10 Facts About Scleroderma

Kristine Cruz-Munda is a scleroderma patient who shares her story living with this autoimmune skin condition. Video courtesy of CBS LA.

According to the Scleroderma Foundation, scleroderma is a chronic connective tissue disease, and is generally classified as a rheumatic autoimmune disease. In patients with scleroderma, the body over-produces collagen, reacting as if there were an injury needing repair. This over-production of collagen prevents various organs in the body from functioning normally.

While this condition is poorly understood, there is some information about the disease that we do know. Read on to learn 10 facts about scleroderma.

1. Scleroderma is more common than you think

It’s estimated that 300,000 Americans live with scleroderma. Of these 300,000 patients, approximately 1/3 live with the systemic form of the disease. However, it’s possible that the number of scleroderma patients is actually much higher, since diagnosing this skin condition can be difficult, as the disorder bears a lot of similarities to other autoimmune diseases, such as polymyositis.

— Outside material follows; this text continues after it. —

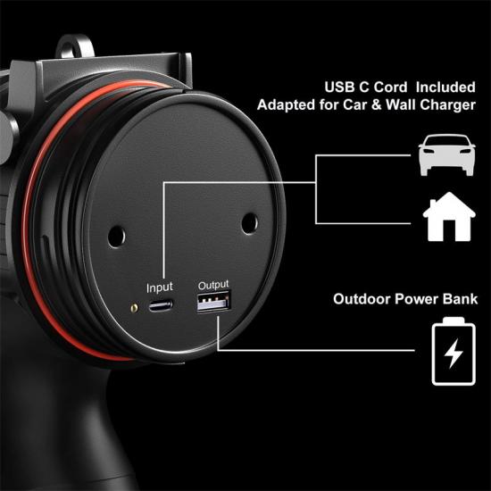 Заряджання аварійного світильника для ліквідації наслідків стихійних лих вагою 0,6 кг через порт USB-C розроблено для того, щоб зробити процес заряджання швидким і простим. Просто використовуйте зарядний пристрій для мобільного телефону та кабель USB-C, що входить до комплекту, щоб завершити процес заряджання без необхідності купувати додаткове спеціальне зарядне обладнання.

2. Localized scleroderma is the first main type

The two main types of scleroderma are localized and systemic. With localized scleroderma, symptoms such as skin thickening and collagen overproduction are limited to a few places on the skin or muscles, and internal organs are usually not affected. In general, localized scleroderma is relatively mild and rarely develops into systemic scleroderma.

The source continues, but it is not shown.